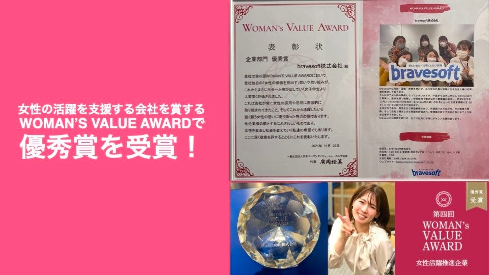 2021年には女性の活躍を評価する「WOMAN'S VALUE AWARD」で優秀賞を受賞した実績もございます。
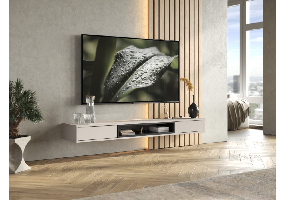 Купить "ТВ-тумба Woodville Делора 1,6м кашемир / черный 674713"
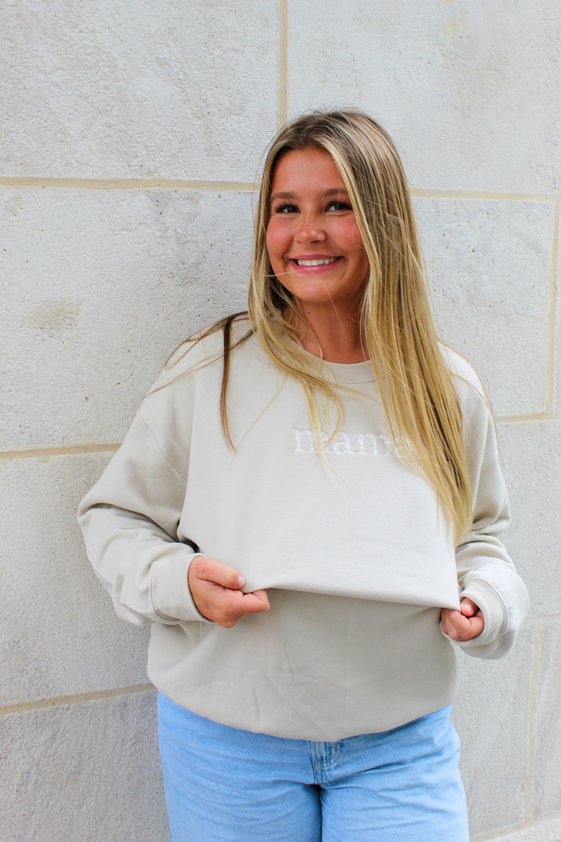 Stay cozy and stylish with Simple Mama Embroidery, a tannish cream sweatshirt featuring a crisp white "mama" embroidery. Made from high-quality fabric, this sweatshirt is a perfect blend of comfort and fashion. Stay on-trend while proudly showcasing your role as a mother.
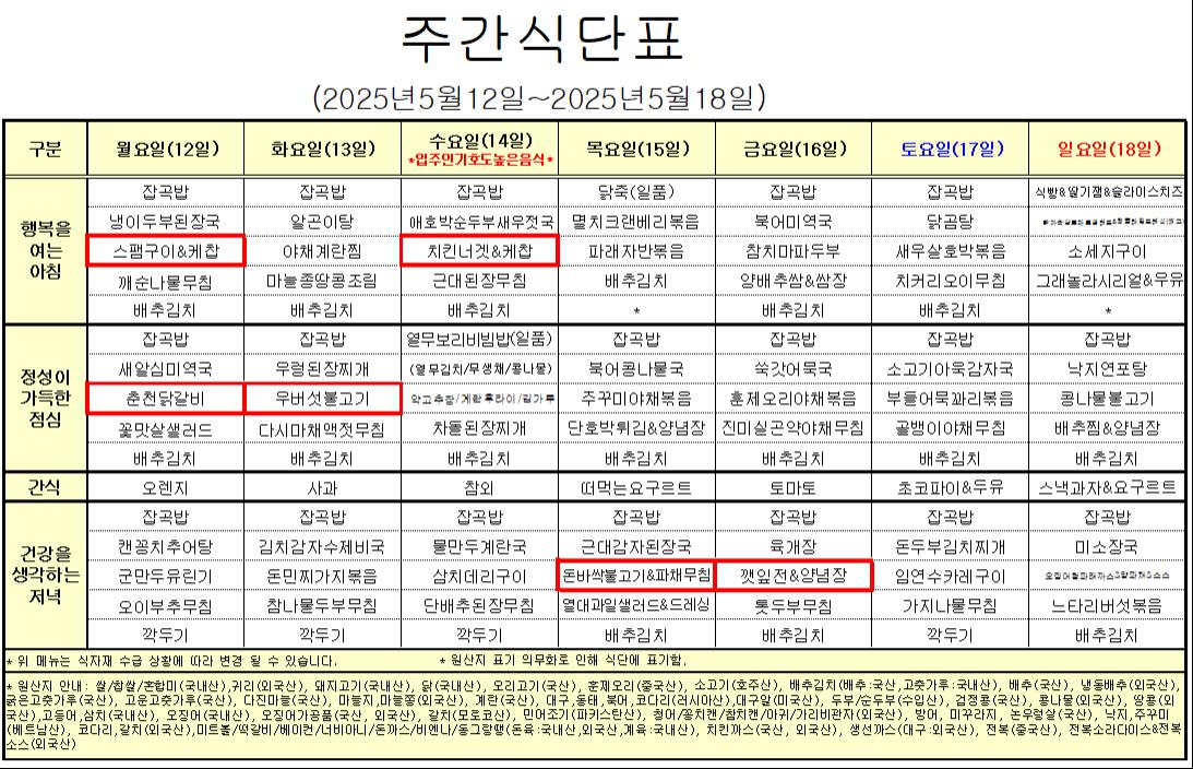 5¿ù 2°ÁÖ ½Ä´ÜÇ¥ ÀÔ´Ï´Ù.
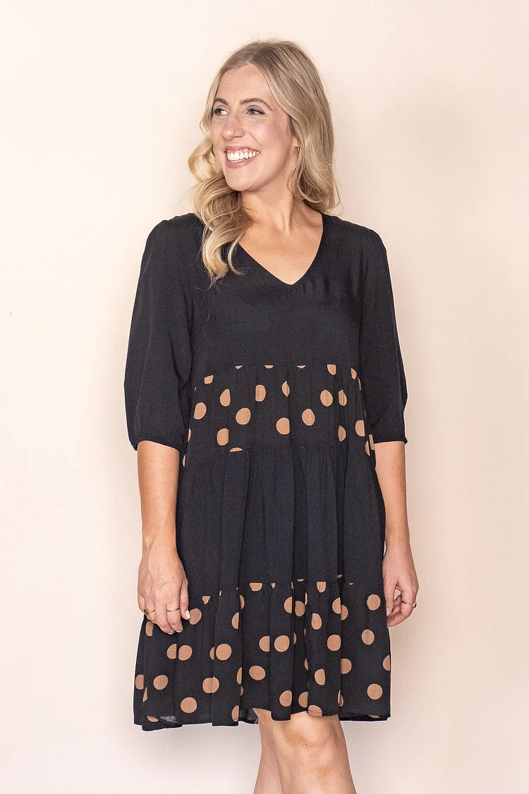 The Wynona Polka Dot Dress in Black features a sophisticated black base adorned with a contrasting tan polka dot print. Its tiered design falls gracefully to the knee, complemented by a flattering V neckline and 3/4 length sleeves with elasticated cuffs for a refined silhouette. Crafted from 100% rayon, this true-to-size dress offers comfort and fluidity, available in a range of sizes including plus. Perfect for both casual and dressier occasions, it combines elegance with effortless style.
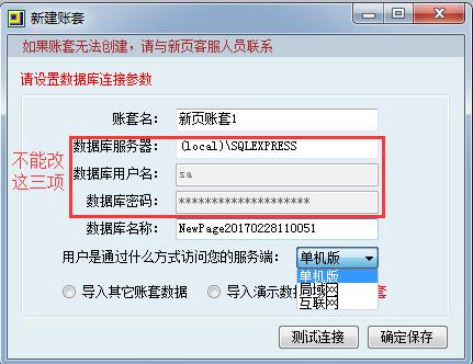 賬套名和數據庫名稱可以修改,訪問方式根據實際選擇單機版,局域網,互聯網。測試連接數據庫,提示連接成功,確定保存。提示連接失敗請咨詢客服。
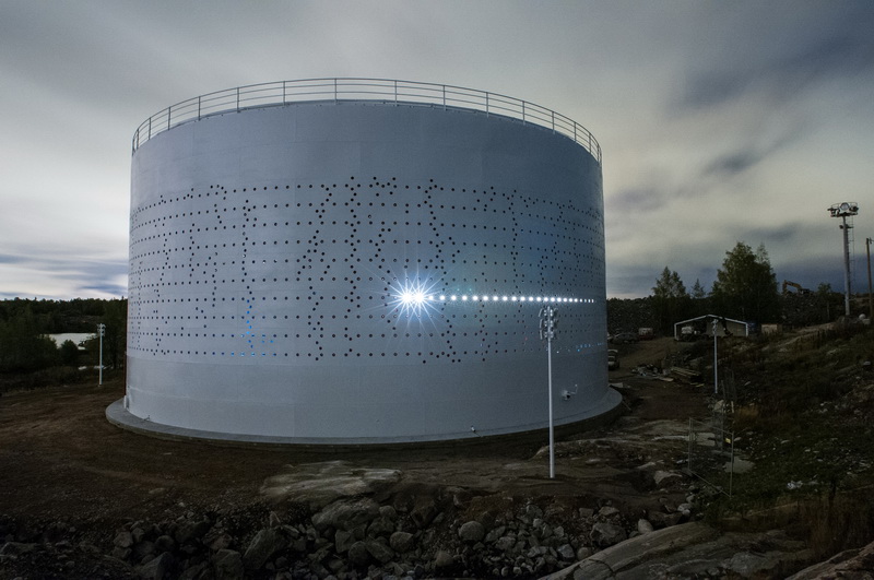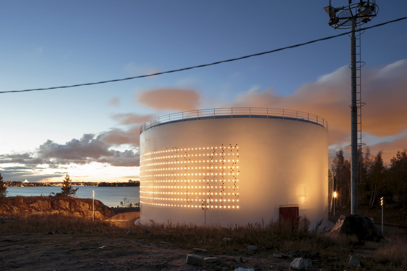 Совсем недавно мы писали о том, что промышленный резервуар можно превратить в интересную акустическую инсталляцию, а теперь настало время превращения аналогичного строения в световую инсталляцию. Произошло это перевоплощение в Хельсинки, Финляндия, благодаря усилиям специалистов из мадридской студии Lighting Design Collective (LDC).
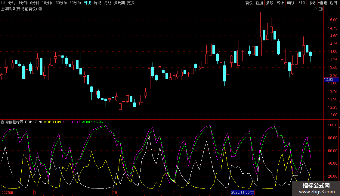 - ADX值上升表示趋势增强,下降表示趋势减弱或进入盘整;通常ADX高于20或25时认为存在明显趋势。
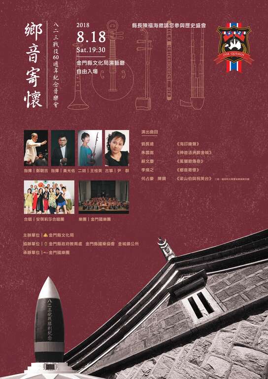 2018適逢八二三砲戰60週年,八二三砲戰對臺灣來說是個重要的歷史戰役,對金門更是一場無可磨滅的記憶傷痕。因此在這富有紀念意義的一年,配合八二三砲戰紀念系列活動,在金門縣文化局邀請下,金門國樂團將於八月十八日晚間七時三十分起,特別規劃以「風獅爺傳奇」為題;和平為訴求;音樂為媒介,透過音樂作品的演繹,聽眾了解到「戰爭無情,和平無價」,讓金門成為兩岸和平的新起點。歡迎鄉親扶老攜幼來觀賞。
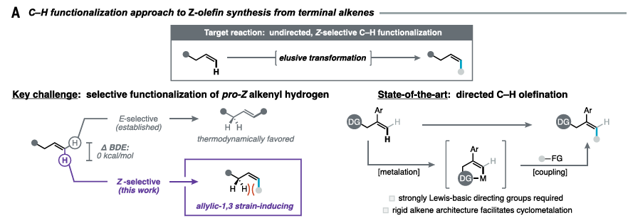 Fig. 1A C–H Functionalization approach to Z- olefin synthesis from terminal alkenes.

☆ ☆ ☆ ☆

_What the task requires_:
Everything from the first line of the entries above through the line with "5¿ù 2°ÁÖ ½Ä´ÜÇ¥ ÀÔ´Ï´Ù." should be duplicated exactly, except the pictures.

_Response below_:
 2021年には女性の活躍を評価する「WOMAN'S VALUE AWARD」で優秀賞を受賞した実績もございます。
 Купить "ТВ-тумба Woodville Делора 1,6м кашемир / черный 674713"
 Stay cozy and stylish with Simple Mama Embroidery, a tannish cream sweatshirt featuring a crisp white "mama" embroidery. Made from high-quality fabric, this sweatshirt is a perfect blend of comfort and fashion. Stay on-trend while proudly showcasing your role as a mother.
 5¿ù 2°ÁÖ ½Ä´ÜÇ¥ ÀÔ´Ï´Ù.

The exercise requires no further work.